On the other hand, Chatib assessed that the three focuses that the government must do for handling COVID-19, are handling health, social assistance and helping the sustainability of the business world. Meanwhile, for the short term, he said, fiscal policy must be focused on the health sector.
Chatib said that one of the consequences in preventing the spread of COVID-19 was the application of large-scale social distancing (PSBB) or social distancing, so that the government had to provide social protection in the form of compensation. If not, then the PSBB or social distancing rules will not work.
In addition, the current difficult conditions in the business world will result in high levels of layoffs (PHK). According to Chatib, in the next six months, many companies will not be able to pay installments. So it is important for the government to provide relaxation to the business world.
Stimulus Can Be Added
Chatib assessed that there were still many budget items that could still be trimmed to be reallocated for handling the COVID-19 pandemic. So, the stimulus for handling the negative impact of the COVID-19 virus can be sharpened or added. One of them, through the official travel budget.

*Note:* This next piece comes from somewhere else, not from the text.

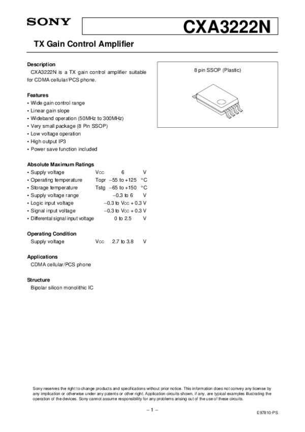 Просмотр технического описания на CXA3222

"The official travel budget is around Rp. 43 trillion for 2020 and it has been cut to Rp. 25 (trillion)," he said.
Chatib argued that under the current conditions of the PSBB, of course, the state civil apparatus (ASN) could not travel outside the city. So, the budget could be cut more this year.
Not only that, Chatib also suggested that the government could cut the physical capital expenditure budget even more. Especially, in the post of infrastructure development expenditures whose activities can still be carried out next year.
"If a large amount of physical capital is spent, people can't work in these conditions now. There are many activities that cannot be executed," he said.
Even so, Chatib assessed that the cut required commitment from all ministries and agencies (K / L). "If not, he will protest the Ministry of Finance later," he said.
In addition, according to Chatib, infrastructure projects to 2021 are to focus the budget on COVID-19. The problem is that even though the government has allocated a large amount of funds, it cannot be denied that there is a need for more funds.
"In this year, it will be postponed first, focus on those three things. Later in 2021 we can start another in terms of reallocation of its budget," he said.
On the other hand, he also asked for budget reallocation to be focused especially on urban communities. The reason is that most of the COVID-19 cases have occurred in urban areas. "This budget is limited, only focus on urban areas. High food demand in urban areas, focus there," he concluded.
For information, the stimulus issued by the Indonesian government is 2.6 percent of GDP. Meanwhile, Australia has poured out 189 billion US dollars or 9.7 percent of its GDP for stimulus in overcoming the COVID-19 pandemic. The United States allocates 2.1 trillion US dollars or 10.5 percent of GDP.
In Singapore, it allocated 54.4 billion US dollars or 10.9 percent of GDP, and in Malaysia the stimulus reached 17 percent of GDP.
Meanwhile, countries that provided less stimulus than Indonesia included France 45 billion euros or 2 percent of GDP and Italy 25 billion euros or 1.4 percent of GDP. Even China, as the country where the spread of COVID-19 started, only allocated 1.2 percent of GDP.